While attaching a kernel debugger to a VM running in test mode, I ran the following commands.

bp ProcessMonitor+0x1410 bp ProcessMonitor+0x1426 bp ProcessMonitor+0x1435 bp ProcessMonitor+0x1446

.while(1){g;r zf=1;g;r zf=1;g;? poi(rcx);g;? poi(rcx)}

Reference: Building a Windows Kernel Driver and Analyzing It with WinDbg - Frog’s Secret Base

This caused the string 0967ce7f7c9e7e2e28bcab79c921398ba92dd3d9fc6045a546f4c4130252bf9 to be written to C:\flag.txt, so by submitting TFCCTF{0967ce7f7c9e7e2e28bcab79c921398ba92dd3d9fc6045a546f4c4130252bf9} I was able to obtain the flag.

DOWN BAD(Forensic)

The flag is right there!

The file down_bad.png provided as the challenge binary could not be opened normally.

Running pngcheck on it showed that there was a CRC mismatch.

pngcheck down_bad.png
>
down_bad.png  CRC error in chunk IHDR (computed 1d9c52c0, expected a9d5455b)
ERROR: down_bad.png

Because of that, I used the following solver to brute-force the correct CRC value.

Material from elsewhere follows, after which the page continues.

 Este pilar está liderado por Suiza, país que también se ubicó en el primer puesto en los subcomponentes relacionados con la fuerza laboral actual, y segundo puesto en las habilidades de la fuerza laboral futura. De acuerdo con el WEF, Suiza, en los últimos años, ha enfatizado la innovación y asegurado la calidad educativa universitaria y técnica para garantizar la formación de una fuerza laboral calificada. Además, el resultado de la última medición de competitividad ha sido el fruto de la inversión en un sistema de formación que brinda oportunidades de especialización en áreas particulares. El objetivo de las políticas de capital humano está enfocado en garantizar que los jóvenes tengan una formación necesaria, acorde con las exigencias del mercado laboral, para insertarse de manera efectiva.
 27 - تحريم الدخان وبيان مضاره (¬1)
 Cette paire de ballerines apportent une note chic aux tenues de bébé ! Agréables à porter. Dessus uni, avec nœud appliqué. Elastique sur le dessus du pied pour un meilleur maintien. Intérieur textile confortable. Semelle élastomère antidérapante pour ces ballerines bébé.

from binascii import crc32
correct_crc = int.from_bytes(b'\xa9\xd5\x45\x5b',byteorder='big')
for h in range(2000):
    for w in range(2000):
        crc=b"\x49\x48\x44\x52"+w.to_bytes(4,byteorder='big')+h.to_bytes(4,byteorder='big')+b"\x08\x06\x00\x00\x00"
        if crc32(crc) % (1<<32) == correct_crc:
            print ('FOUND!')
            print ('Width: ',end="")
            print (hex(w))
            print ('Height :',end="")
            print (hex(h))
            exit()

By rewriting the image binary with the Height and Width identified here, I was able to recover an image that included the previously cropped-out flag portion.

from zlib import crc32
import argparse
import struct

png = bytearray(open("down_bad.png", 'rb').read())
width = 0x780
height = 0x540
png[0x10:0x14] = struct.pack(">I",width)
png[0x14:0x18] = struct.pack(">I",height)
calculatedCrc = crc32(png[12:29])

with open("solve.png",'wb') as file:
    file.write(png)

MCTEENX(Forensic)

I fly in the sky, I got wings on my feet.

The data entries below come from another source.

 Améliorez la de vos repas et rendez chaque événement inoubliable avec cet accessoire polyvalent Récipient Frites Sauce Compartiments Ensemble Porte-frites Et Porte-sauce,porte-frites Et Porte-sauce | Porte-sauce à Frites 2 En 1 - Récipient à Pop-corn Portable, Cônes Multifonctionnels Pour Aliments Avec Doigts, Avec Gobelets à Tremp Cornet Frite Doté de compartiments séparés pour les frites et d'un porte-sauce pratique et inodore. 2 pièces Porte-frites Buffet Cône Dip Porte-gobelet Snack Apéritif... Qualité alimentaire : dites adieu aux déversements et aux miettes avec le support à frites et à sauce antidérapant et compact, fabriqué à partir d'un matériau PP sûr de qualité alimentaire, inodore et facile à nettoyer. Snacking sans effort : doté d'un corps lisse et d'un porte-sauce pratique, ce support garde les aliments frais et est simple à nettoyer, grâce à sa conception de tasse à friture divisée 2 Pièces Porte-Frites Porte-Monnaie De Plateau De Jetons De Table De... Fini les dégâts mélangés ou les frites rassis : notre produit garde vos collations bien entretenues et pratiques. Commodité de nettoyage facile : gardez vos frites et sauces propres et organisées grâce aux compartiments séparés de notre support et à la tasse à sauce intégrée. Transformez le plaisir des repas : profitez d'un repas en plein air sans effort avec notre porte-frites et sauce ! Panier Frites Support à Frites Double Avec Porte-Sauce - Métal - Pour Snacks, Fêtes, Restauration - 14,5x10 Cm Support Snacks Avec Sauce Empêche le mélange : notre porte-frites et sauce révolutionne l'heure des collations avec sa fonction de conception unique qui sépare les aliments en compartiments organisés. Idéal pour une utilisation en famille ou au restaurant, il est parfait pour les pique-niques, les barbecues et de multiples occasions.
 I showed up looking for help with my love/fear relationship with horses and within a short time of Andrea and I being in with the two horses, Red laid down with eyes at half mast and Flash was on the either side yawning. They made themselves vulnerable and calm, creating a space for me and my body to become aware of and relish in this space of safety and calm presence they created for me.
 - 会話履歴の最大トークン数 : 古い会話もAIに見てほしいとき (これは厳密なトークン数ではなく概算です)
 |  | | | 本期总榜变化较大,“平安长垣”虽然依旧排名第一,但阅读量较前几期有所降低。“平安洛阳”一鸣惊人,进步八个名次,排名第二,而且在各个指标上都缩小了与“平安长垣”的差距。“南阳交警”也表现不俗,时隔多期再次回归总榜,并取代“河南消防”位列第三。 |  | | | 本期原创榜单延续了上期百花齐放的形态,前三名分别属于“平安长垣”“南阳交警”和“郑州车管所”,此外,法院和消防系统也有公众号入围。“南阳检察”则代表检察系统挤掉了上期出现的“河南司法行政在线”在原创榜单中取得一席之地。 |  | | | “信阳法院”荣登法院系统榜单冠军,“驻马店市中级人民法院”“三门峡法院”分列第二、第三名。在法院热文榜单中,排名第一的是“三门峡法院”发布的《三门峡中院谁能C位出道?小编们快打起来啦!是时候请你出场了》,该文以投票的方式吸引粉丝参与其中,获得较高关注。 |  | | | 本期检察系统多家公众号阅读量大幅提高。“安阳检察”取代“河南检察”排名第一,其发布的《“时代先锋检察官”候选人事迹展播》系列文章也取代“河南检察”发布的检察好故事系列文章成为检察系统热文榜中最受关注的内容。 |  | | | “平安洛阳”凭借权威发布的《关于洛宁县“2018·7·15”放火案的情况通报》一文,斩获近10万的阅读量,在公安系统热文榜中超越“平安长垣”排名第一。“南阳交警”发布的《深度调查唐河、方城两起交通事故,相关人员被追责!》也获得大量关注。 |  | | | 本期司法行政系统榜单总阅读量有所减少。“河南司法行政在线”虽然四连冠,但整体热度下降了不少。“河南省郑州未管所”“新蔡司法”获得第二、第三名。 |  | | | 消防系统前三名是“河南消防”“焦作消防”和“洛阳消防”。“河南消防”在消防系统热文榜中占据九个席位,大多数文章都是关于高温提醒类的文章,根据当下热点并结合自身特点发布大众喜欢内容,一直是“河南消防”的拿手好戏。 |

The encrypted ZIP file given as the challenge binary seemed to contain a file called script.sh, but I could not obtain the password.

One of my teammates had already solved it, and apparently even without knowing the entire script, you can guess the shebang (#!/bin/bash\n) and use a known-plaintext attack to break the ZIP password.

In practice, the attack goes like this.

# Write #!/bin/bash\n into partial_script.sh
# Generate the three keys with bkcrack
./bkcrack -C red.zip -c script.sh -p partial_script.sh

# Decrypt the file using the three keys
bkcrack -C red.zip  -c script.sh -k c0b1bc78 c3206dfc e7e5bae1 -d decipheredfile.sh

Reference: kimci86/bkcrack: Crack legacy zip encryption with Biham and Kocher’s known plaintext attack.

Running the decrypted script produces the following image.

Extracting the RGB LSBs from this image gives the string 030a111418142c783b39380d397c0d25293324231c66220d367d3c23133c6713343e343b3931.

This hexadecimal string turned out to be the flag XORed with the key "WLR", so decrypting it gives the flag.

Summary

I couldn’t solve much this time, so I need to keep improving.